What's Contextual Attention
Self-Attention vs Contextual Attention
Important Clarification
“Contextual attention” is not a standard term in the field. You might be thinking of different types of attention mechanisms. Let me explain the key distinctions:
Self-Attention (Standard Term)
Definition: Each token attends to all tokens in the same sequence (including itself)
Key Characteristics:
- Input sequence: [“The”, “bank”, “river”, “flows”]
- Each word looks at ALL words in the same sentence
- “bank” attends to: “The”, “bank”, “river”, “flows”
- Used in: BERT, GPT, most modern transformers
Formula:
Attention(Q,K,V) = softmax(QK^T/√d)V
where Q, K, V all come from the same input sequence
Cross-Attention (What you might mean by “contextual”)
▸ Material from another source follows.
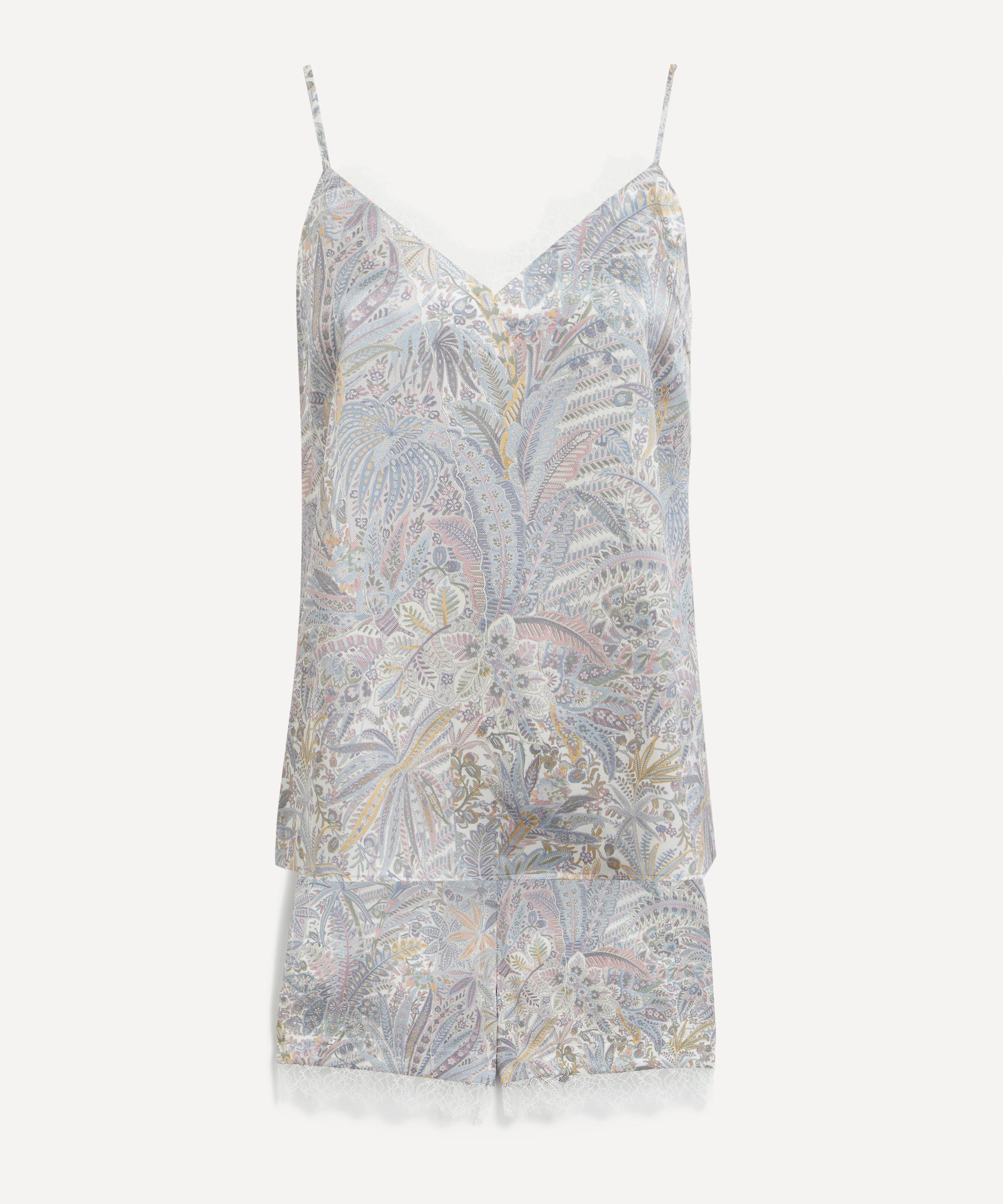 Gracefully tailored in silk-satin, Liberty’s lace-trimmed Adelphi Voyage Cami Set redefines loungewear with timeless elegance.
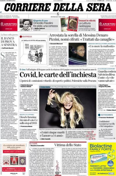 Ci sono notizie diverse in apertura sui giornali di oggi: alcuni si occupano delle indagini sulle responsabilità dei ritardi nel soccorso all’imbarcazione di migranti naufragata domenica scorsa sulla costa calabrese ionica, altri titolano sul rinvio della decisione sul blocco alla vendita di auto nuove a benzina e diesel nell’Unione Europea a partire dal 2035, altri ancora aprono sulla manifestazione di oggi a Firenze in difesa della scuola e della Costituzione indetta dopo l’aggressione fascista di due settimane fa a due studenti davanti a un liceo. Il Fatto e la Verità seguono l’indagine della procura di Bergamo sulla pandemia, il Corriere della Sera apre sull’arresto della sorella di Matteo Messina Denaro, mentre i giornali sportivi commentano la vittoria della Lazio sul Napoli nell’anticipo della Serie A.

Definition: Tokens from one sequence attend to tokens from another sequence
Key Characteristics:
- Two sequences: Source and Target
- Example: Translation - English sentence attends to French sentence
- Query comes from target, Key/Value from source
- Used in: Encoder-decoder models, T5, original Transformer
Formula:
CrossAttention(Q,K,V) = softmax(QK^T/√d)V
where Q comes from sequence A, K,V come from sequence B
Common Confusion Points
1. Self-Attention Creates Contextual Embeddings
- Self-attention mechanism → produces contextual embeddings
- The mechanism is “self-attention”
- The output is “contextual embeddings”
2. Types of Self-Attention
Type | Description | Example |
---|---|---|
Bidirectional | Can attend to past and future tokens | BERT |
Causal/Masked | Can only attend to past tokens | GPT |
Local | Only attends to nearby tokens | Some efficient transformers |
Global | Attends to all tokens | Standard transformers |
3. Attention Variants
Variant | What it means |
---|---|
Self-Attention | Same sequence attends to itself |
Cross-Attention | Different sequences attend to each other |
Multi-Head | Multiple attention computations in parallel |
Scaled Dot-Product | Standard attention formula with scaling |
Visual Comparison
Self-Attention (BERT/GPT style):
Input: "The bank river flows"
↓ ↓ ↓ ↓
[Attend to all tokens in same sequence]
↓ ↓ ↓ ↓
Output: Contextual embeddings
Cross-Attention (Translation style):
English: "The bank" → French: "La banque"
↓ ↑
[Attend across languages]
In Modern LLMs
GPT Models:
- Use causal self-attention
- Each token attends to previous tokens only
- Creates contextual embeddings
BERT Models:
- Use bidirectional self-attention
- Each token attends to all tokens
- Creates contextual embeddings
T5 Models:
- Encoder: Bidirectional self-attention
- Decoder: Causal self-attention + cross-attention to encoder
Bottom Line
- Self-attention = the mechanism
- Contextual embeddings = the output
- Cross-attention = attention between different sequences
- There’s no standard term “contextual attention” - you likely mean one of the above!